作者:Yiwen Chen 备注:33 pages, 7 figures, 10 tables 链接:https://arxiv.org/abs/2107.12771 摘要:随机逼近(SA)算法广泛应用于只有噪声测量的系统优化问题。本文研究了多元Kiefer-Wolfowitz背景下的随机方向SA(RDSA)和同时扰动SA(SPSA)两类SA算法,给出了RDSA算法的偏差项、收敛性和渐近正态性。RDSA和SPSA中的梯度估计有不同的形式,因此使用不同类型的随机扰动。本文研究了RDSA和SPSA中扰动的各种有效分布,并利用由渐近分布计算的均方误差对这两种算法进行了比较。从理论和数值的角度来看,我们发现SPSA通常优于RDSA。 摘要:Stochastic approximation (SA) algorithms are widely used in system optimization problems when only noisy measurements of the system are available. This paper studies two types of SA algorithms in a multivariate Kiefer-Wolfowitz setting: random-direction SA (RDSA) and simultaneous-perturbation SA (SPSA), and then describes the bias term, convergence, and asymptotic normality of RDSA algorithms. The gradient estimations in RDSA and SPSA have different forms and, consequently, use different types of random perturbations. This paper looks at various valid distributions for perturbations in RDSA and SPSA and then compares the two algorithms using mean-square errors computed from asymptotic distribution. From both a theoretical and numerical point of view, we find that SPSA generally outperforms RDSA.

【22】 On the Role of Optimization in Double Descent: A Least Squares Study 标题:论优化在双重下降中的作用:一项最小二乘研究

作者:Ilja Kuzborskij,Csaba Szepesvári,Omar Rivasplata,Amal Rannen-Triki,Razvan Pascanu 机构:DeepMind, Canada, University of Alberta, Edmonton, University College London 链接:https://arxiv.org/abs/2107.12685 摘要:经验上已经观察到,随着模型尺寸的增加,深度神经网络的性能稳步提高,这与经典的过度拟合和泛化观点相矛盾。最近,有人提出双下降现象来调和这一观察结果与理论,这表明当模型变得足够过参数化时,测试误差有第二次下降,因为模型大小本身充当了一个隐式正则化器。在本文中,我们加入到这个领域不断增长的工作主体中,提供了一个学习动态的仔细研究,作为最小二乘情景下模型大小的函数。给出了最小二乘目标梯度下降解的超额风险界。边界依赖于输入特征的协方差矩阵的最小非零特征值,通过具有双重下降行为的函数形式。这为文献报道的双下降曲线提供了一个新的视角。我们对超额风险的分析允许将优化和泛化误差的影响解耦。特别地,我们发现在无噪声回归的情况下,双下降仅由优化相关的量来解释,这在Moore-Penrose伪逆解的研究中被忽略了。我们相信,我们的推导提供了一个与现有工作相比的另一种观点,揭示了这种现象的可能原因,至少在考虑的最小二乘法设置中。我们从经验上探讨我们的预测是否适用于神经网络,特别是中介隐藏激活的协方差是否与我们的推导预测的行为相似。 摘要:Empirically it has been observed that the performance of deep neural networks steadily improves as we increase model size, contradicting the classical view on overfitting and generalization.
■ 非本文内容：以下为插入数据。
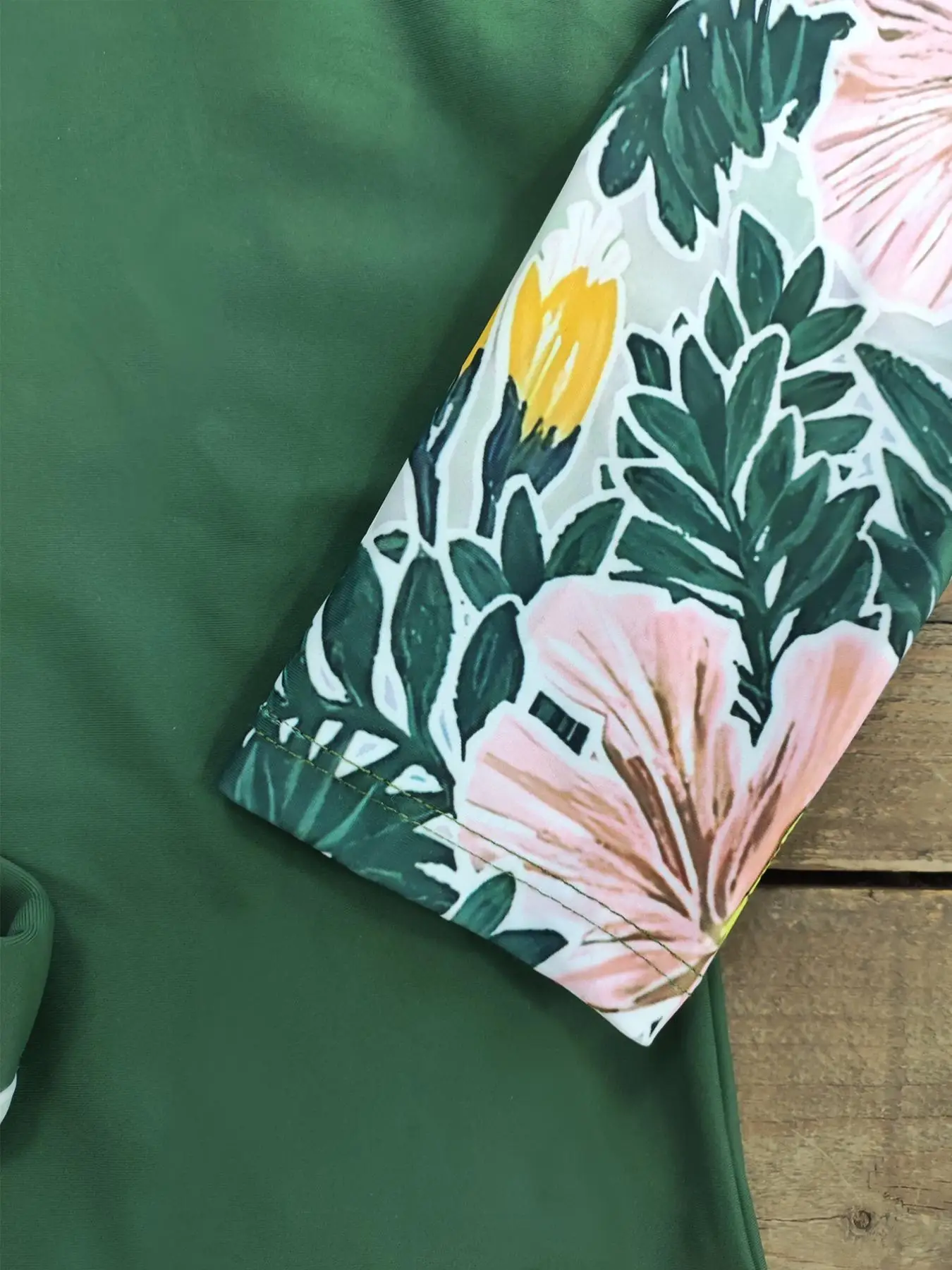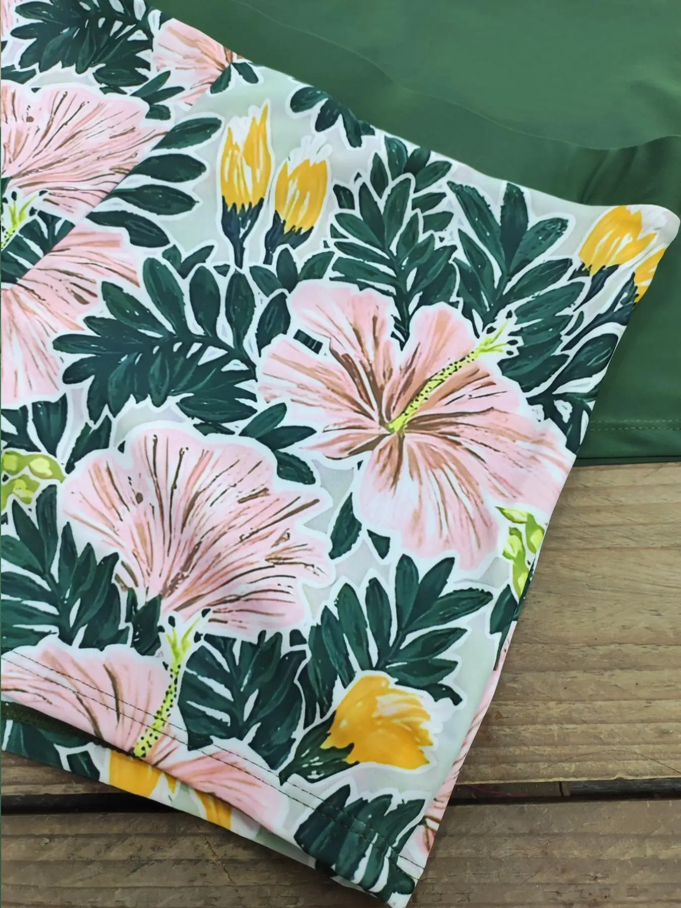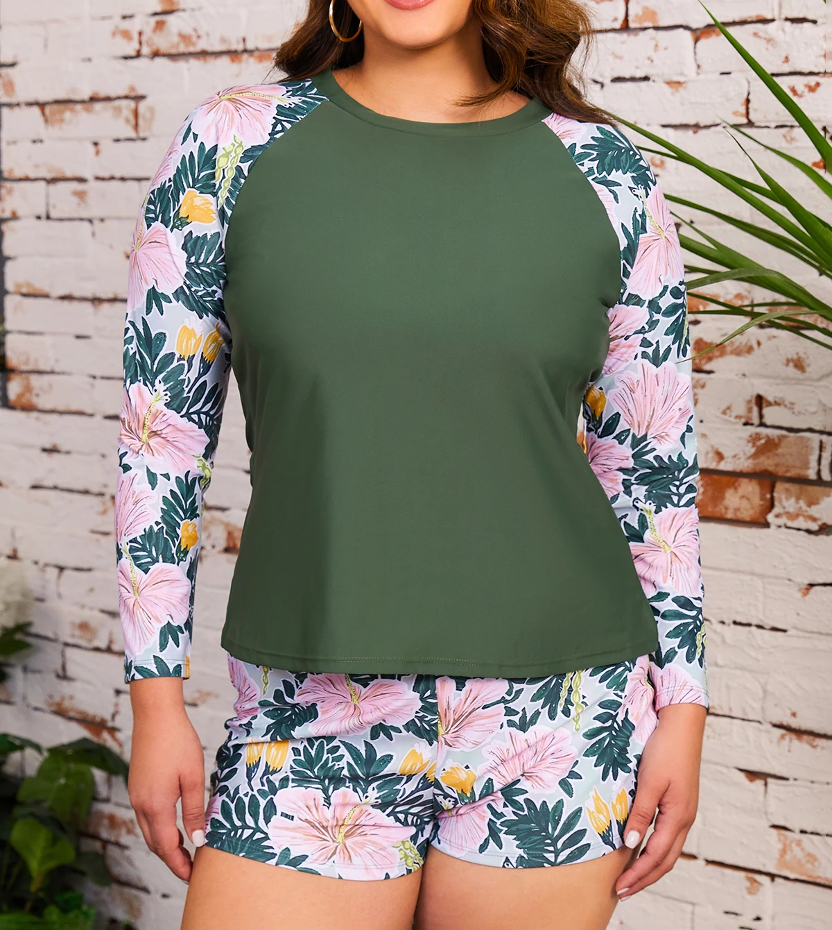 Women’s Sexy Long Sleeves Tankini Swimwear, Solid Printed Boxers Swimsuit, Slightly Fat Bathing Suit, Beachwear, Plus Size,2024

Recently, the double descent phenomena has been proposed to reconcile this observation with theory, suggesting that the test error has a second descent when the model becomes sufficiently overparameterized, as the model size itself acts as an implicit regularizer. In this paper we add to the growing body of work in this space, providing a careful study of learning dynamics as a function of model size for the least squares scenario. We show an excess risk bound for the gradient descent solution of the least squares objective. The bound depends on the smallest non-zero eigenvalue of the covariance matrix of the input features, via a functional form that has the double descent behavior. This gives a new perspective on the double descent curves reported in the literature. Our analysis of the excess risk allows to decouple the effect of optimization and generalization error. In particular, we find that in case of noiseless regression, double descent is explained solely by optimization-related quantities, which was missed in studies focusing on the Moore-Penrose pseudoinverse solution. We believe that our derivation provides an alternative view compared to existing work, shedding some light on a possible cause of this phenomena, at least in the considered least squares setting. We empirically explore if our predictions hold for neural networks, in particular whether the covariance of intermediary hidden activations has a similar behavior as the one predicted by our derivations.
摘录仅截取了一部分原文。